Also, check out what Ron is saying in his Notes section. Lots of sad news.


----------



## kev2126 (Apr 14, 2006)

Man thats a weird looking trout. 

Sent from my SAMSUNG-SGH-I747 using Tapatalk 2


----------



## Trouthappy (Jun 12, 2008)

Maybe the trout starved or died and was picked up in Baffin? I've always heard there were yardstick trout living in there.


----------



## RB II (Feb 26, 2009)

I got a text on the 27th with that pic and it said that fish was 35 1/2" and another one 33". Caught back to back on plastics in Rockport from a guide boat.


----------



## bluecat00 (Apr 12, 2011)

fake photo..look at bottom hand


----------



## Life Aquatic (Oct 24, 2006)

ANYBDYHERE said:


> FYI... This was taken at JFK Causway.


More precisely, that picture is set just north of the bridge in the morning sun.


----------



## rsparker67 (Mar 30, 2008)

Joey Farah or Trey Clemens was the guide. They both work together. There's a pic of it in an article wrote by Farah with Clemens holding the fish with the angler in Coastal Angler Magazine. Article doesn't talk about the fish though.


----------



## KEYSTONE (Apr 26, 2012)

Must be fake, he is wearing a texas a amd hat !!!! Just saying


----------



## KEYSTONE (Apr 26, 2012)

A and m hat, blackberry phones suc if u have one


----------



## ComeFrom? (May 21, 2004)

A really great pig. The trout ain't bad either. :smile: CF?


----------



## tunchistheman (Feb 25, 2010)

ComeFrom? said:


> *A really great pig.* The trout ain't bad either. :smile: CF?


This post is suspect :an6:


----------



## snapperlicious (Aug 11, 2009)

snake head trout mix!


----------



## bigt1786 (Oct 25, 2006)

I'm suspicious...most of the picture is relatively in focus but the bottom edge of the trout and the guy's hand, especially his left are awfully blurry. Decent photoshop work? Just maybe.


----------



## tynker (Mar 25, 2006)

Looks like it is photoshoped...


----------



## histprof (Oct 30, 2011)

I'm suspicious. A variation on this pic shows up every few months. If it is fake, then this one did a better job of shopping the California corvina into a more believable picture. Anybody remember the one from a few months back where there were mountains in the background?


----------



## spurgersalty (Jun 29, 2010)

histprof said:


> I'm suspicious. A variation on this pic shows up every few months. If it is fake, then this one did a better job of shopping the California corvina into a more believable picture. Anybody remember the one from a few months back where there were mountains in the background?
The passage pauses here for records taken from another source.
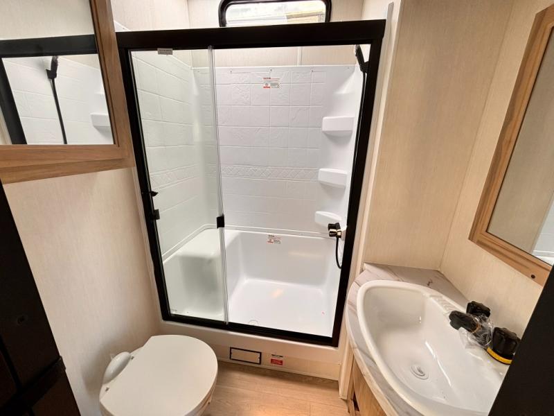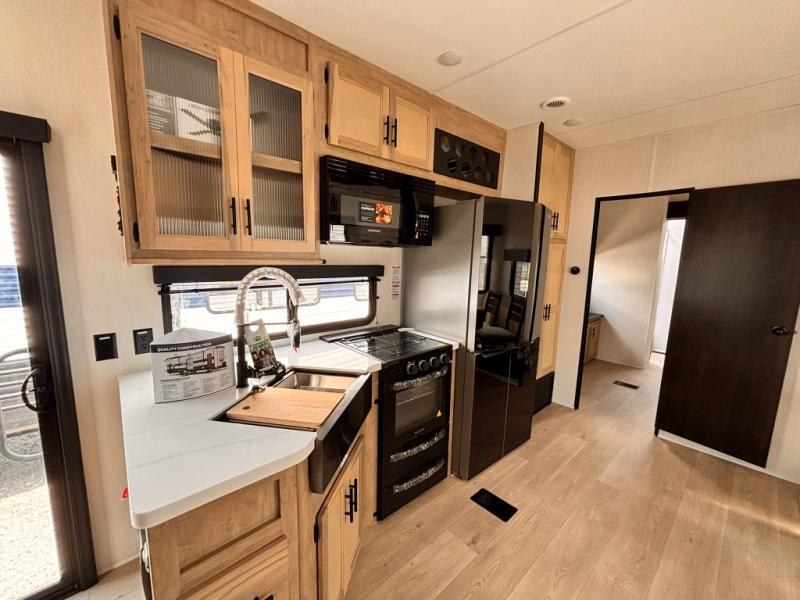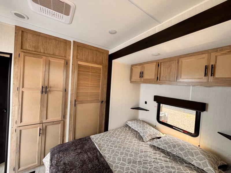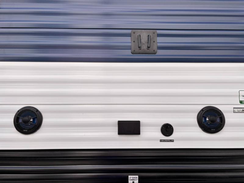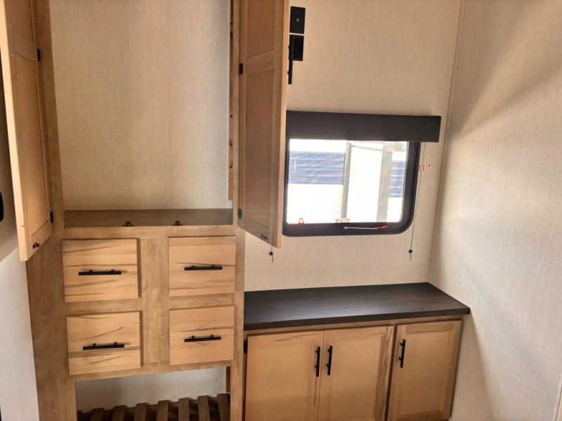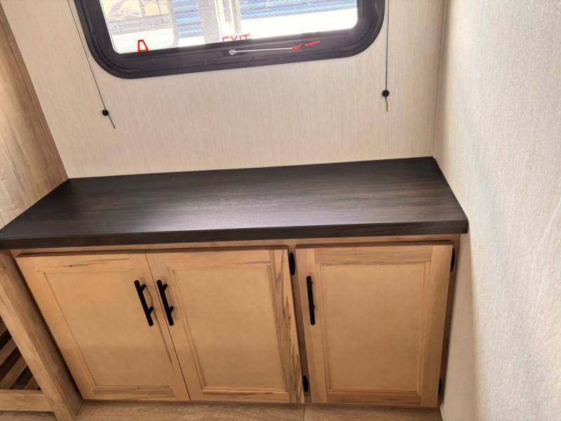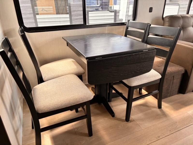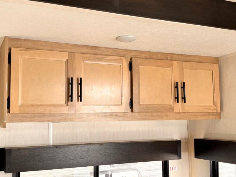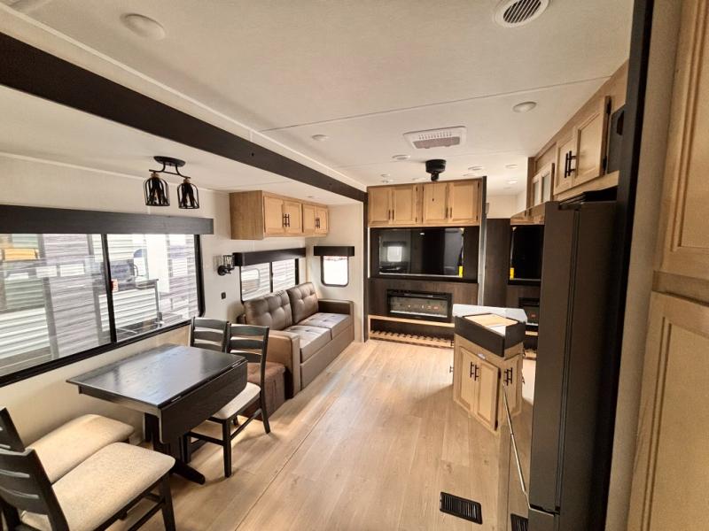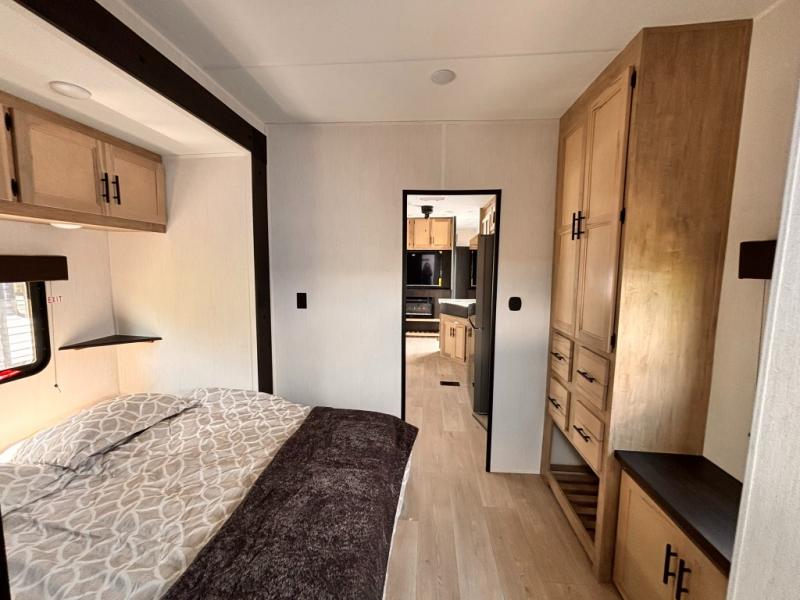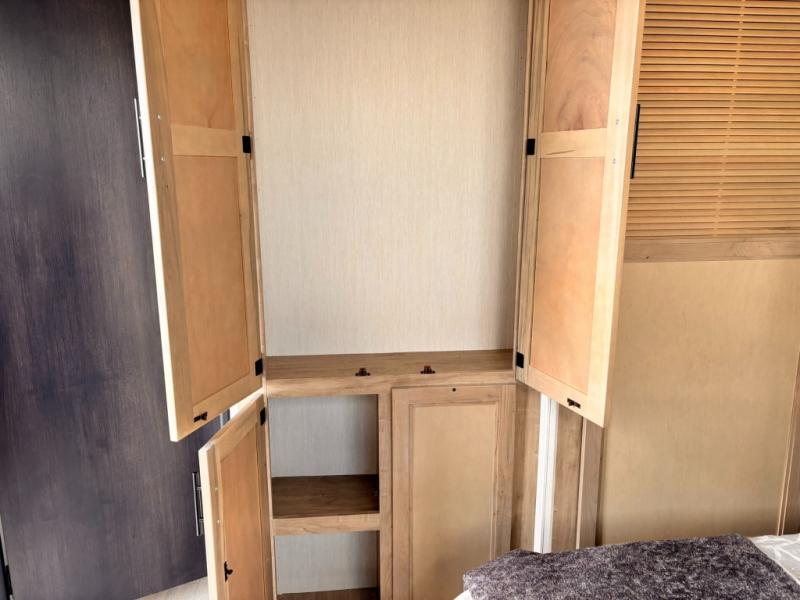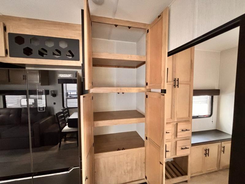 Spacious and comfortable is how you will describe this destination travel trailer featuring triple slides, two full baths, and a spacious combined kitchen and living area thanks to the large slide here featuring a free standing dinette and sofa. The kitchen includes everything you need to comfortably cook while you are away, and allows you to make meals for your family just like at home. There is a large pantry where you can keep plenty of snacks and dry goods for your trip. In the rear of the coach, there is a private bedroom featuring a queen bed slide for added space, comfortable sleeping, as well as ample storage between a dresser and wardrobe for your clothing. In the very back, a master suite bath featuring a vanity with sink, a shower with a seat, and linen storage for your towels and toiletries. This front bedroom also features a king bed slide!
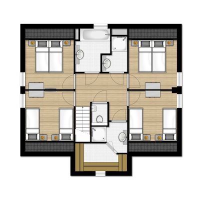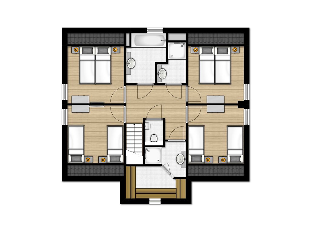 - Vier Schlafzimmer mit jeweils zwei Boxspring-Einzelbetten auf der ersten Etage
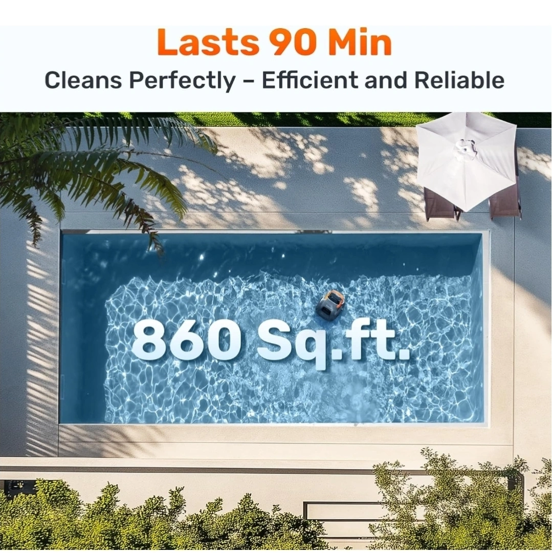 Smooth Glide, High-Efficiency: This robotic pool cleaner glides effortlessly for up to 90 minutes of continuous cleaning. Ideal for flat above-ground pools up to 860 sq. ft. It delivers a clean swimming pool with high efficiency.
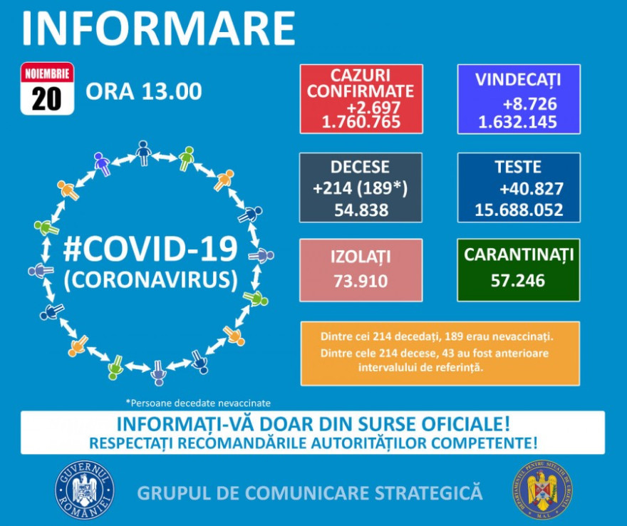Az elmúlt 24 órában 214 koronavírussal diagnosztizált személy haláláról érkezett jelentés; ebből 43 haláleset korábban következett be – közölte szombaton a Stratégiai Kommunikációs Csoport (GCS).
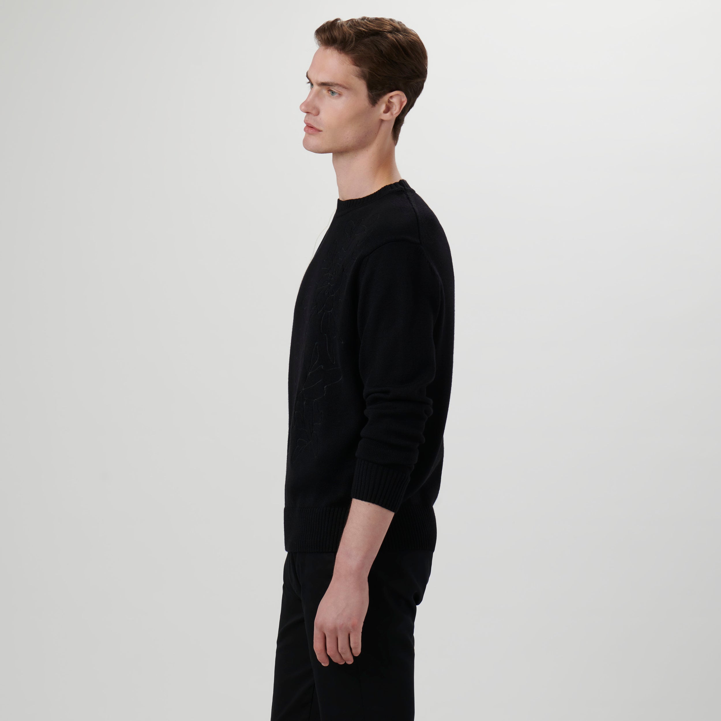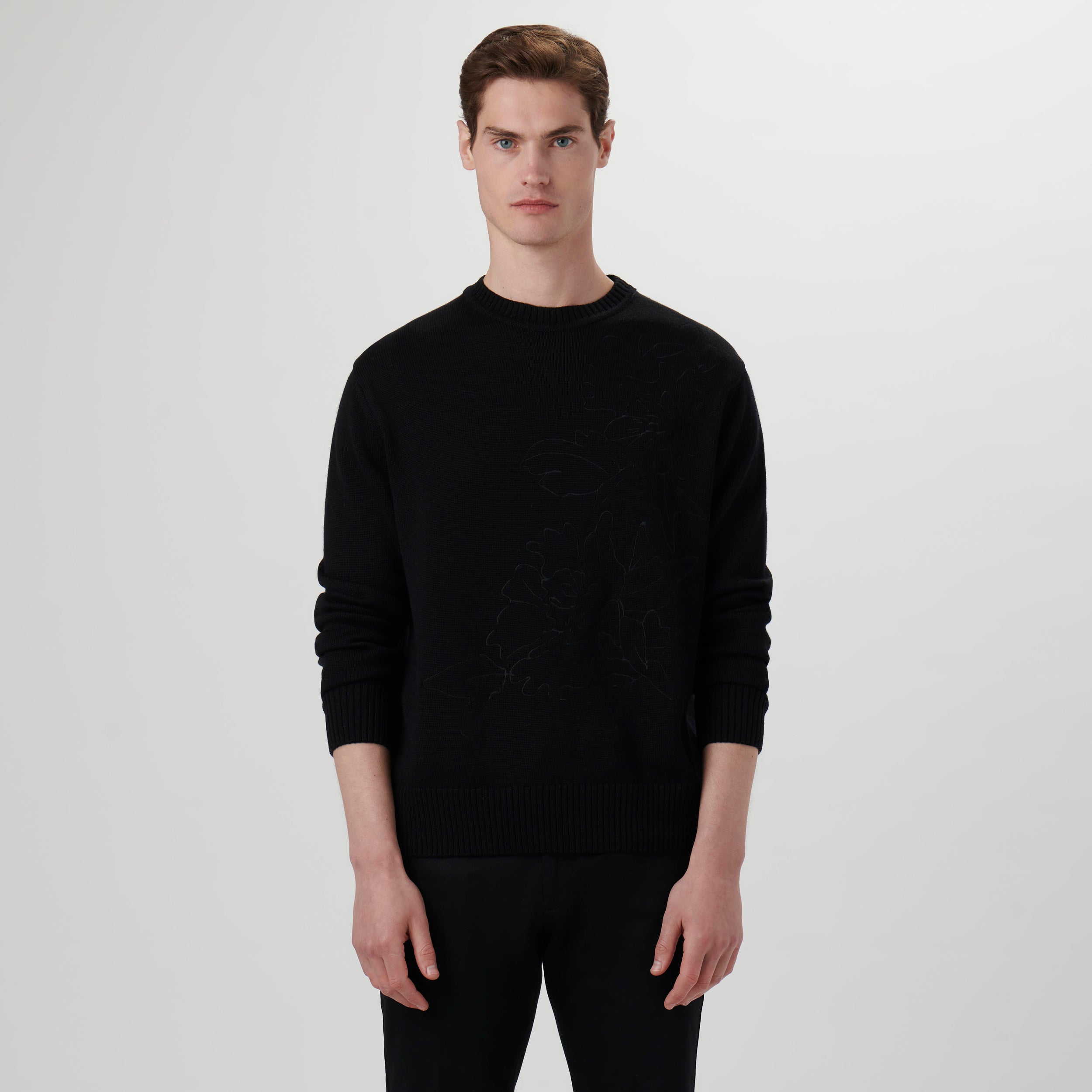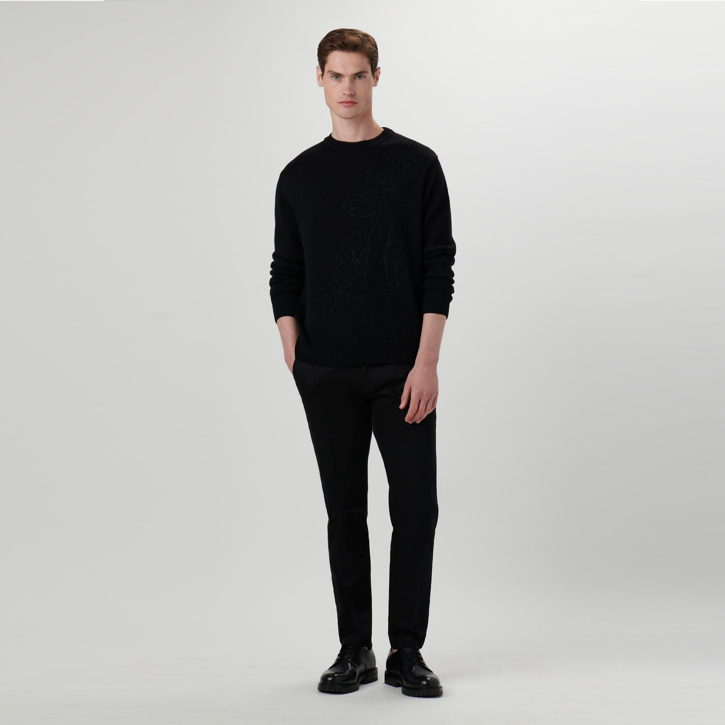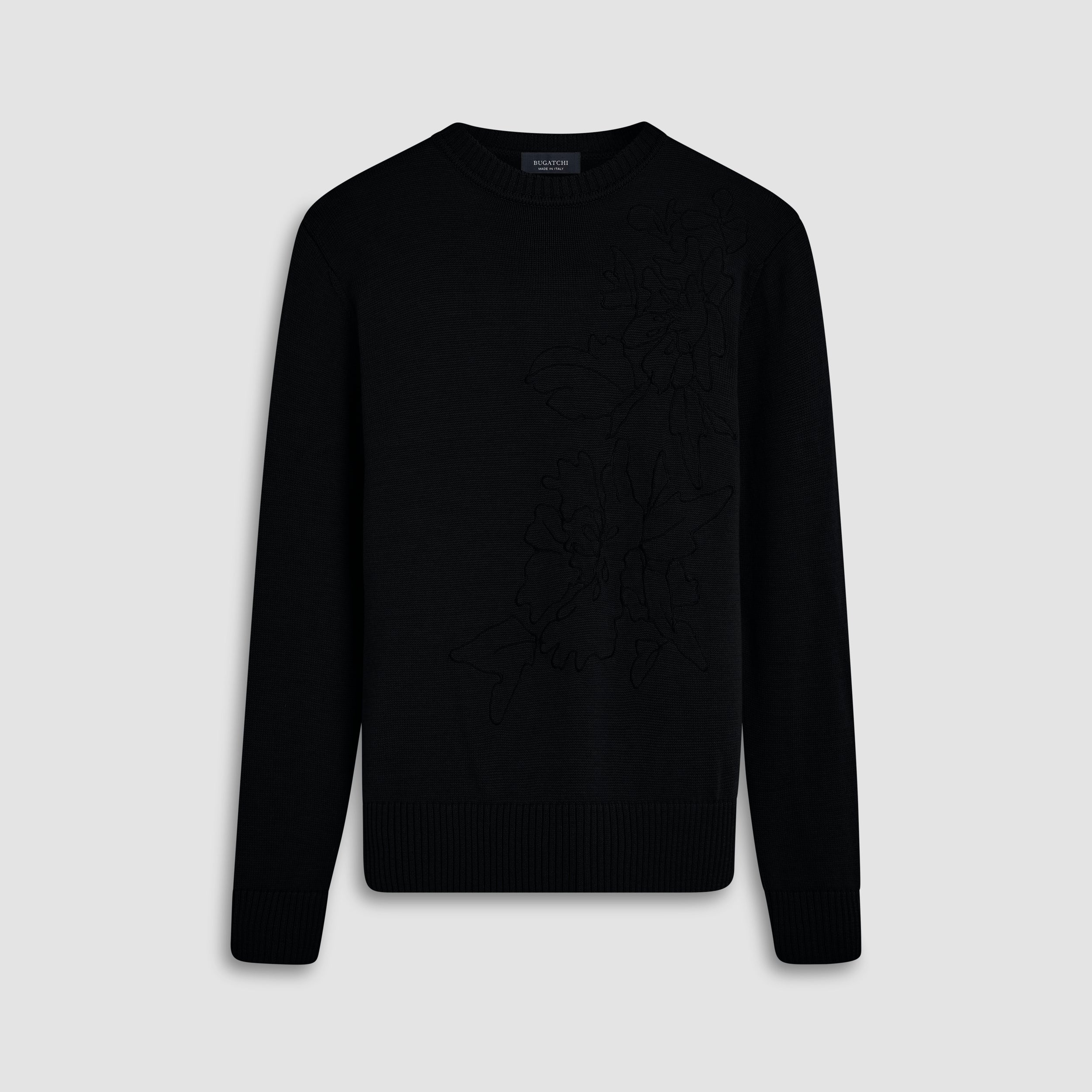 Floral embroidered crew neck sweater in 100% merino wool. Made in Italy.

No, but a few folks have posted pics with snow drifts in the background......and I'm gonna call BS on those


----------



## Agee008 (Feb 22, 2012)

Looks like a Taimen to me. Not common in the US.


----------



## topwatrout (Aug 25, 2009)

Big fish like this that are real don't just go unnoticed and end up wondering if they're real or not on a fishing forum...

If its real, bad***

I personally think its two different fish put together around where his left side of his body meets the background. Looks like its two separate shades but who knows


----------



## Smackdaddy53 (Nov 4, 2011)

topwatrout said:


> Big fish like this that are real don't just go unnoticed and end up wondering if they're real or not on a fishing forum...
> 
> If its real, bad***
> 
> I personally think its two different fish put together around where his left side of his body meets the background. Looks like its two separate shades but who knows


X2
Thats why it looks so long

-mac-


----------



## bbballard11 (Jun 9, 2011)

It's a definite FAKE. Save it to your desktop and zoom in real close and you will see that most of the fish is quite pixelated. That fish has also been dead for a while. It's gills are probably green. That thing looks more like 48" and 3 pounds to me.


----------



## El Capitan de No Fish (Sep 20, 2007)

.


----------



## Moneygroup (Jun 30, 2011)

The trout looks stretched (photoshop) and the guy holding it looks stretched. Looks like his beltloop is at his knees, just saying.


----------



## Capt. Marcus Canales (Aug 25, 2005)

bbballard11 said:


> It's a definite FAKE. Save it to your desktop and zoom in real close and you will see that most of the fish is quite pixelated. That fish has also been dead for a while. It's gills are probably green. That thing looks more like 48" and 3 pounds to me.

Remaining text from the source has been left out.